Thats probably msrp, I hope? Street price of $550-600 just like the Engl. I would buy and run it with a Control Switcher and use sumn else for clean.


----------



## sylcfh (Aug 23, 2014)

Later in the video he said they plan on releasing other versions of the tube preamp. One with even more gain.


----------



## op1e (Aug 23, 2014)

sylcfh said:


> Later in the video he said they plan on releasing other versions of the tube preamp. One with even more gain.



...And based on Fender and "California" tone stacks. Tweakable Mesa pre, anyone? Hellz ya.


----------



## HeHasTheJazzHands (Aug 23, 2014)

That Widowmaker sounds pretty damn badass.


----------



## sylcfh (Jan 24, 2015)

Three new ValveSonic preamps.

Top Boost (red), High Gain (chrome), and Plexi (gold)...

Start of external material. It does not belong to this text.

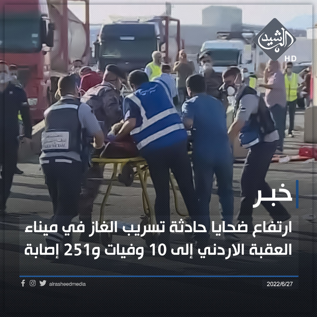ارتفاع ضحايا حادثة تسريب الغاز في ميناء العقبة الاردني إلى 10 وفيات و251 إصابة

Mainline power amp on the top.


----------



## GoldDragon (Jan 24, 2015)

op1e said:


> Valvesonic will probly be my 1st purchase on this year. Looks like a heavenly match with my Marshall 9005.




Would be great addition to any high gain head.


----------



## GoldDragon (Jan 24, 2015)

Necro. Still not out.


----------



## op1e (Jan 24, 2015)

Here we are a year later... And I had to sell my 9005 in a pinch 
Remember when stuff actually came out after Namm? Between Bugera Fryette and Rocktron ya may as well add +4 on the years till its attainable.


----------



## sylcfh (Jan 25, 2015)

The original ValveSonic became the Plexi model with the gold faceplate. It will be out this spring. It was black but the Blackface model now has the faceplate.


----------



## VBCheeseGrater (Jan 25, 2015)

These preamps are interesting for guys like me always trying to find a preamp to put in the Pod's FX loop to add a tube "model".


----------



## op1e (Jan 25, 2015)

^I did that with an HT-Dual and worked pretty good. They should have another model where they double up the Plexi or Cali with the Blackface and sell it for cheaper than buying both by a bit.


----------



## HeHasTheJazzHands (Jan 25, 2015)

Good to see they expanded them. I hope the High-Gain is like the Piranha.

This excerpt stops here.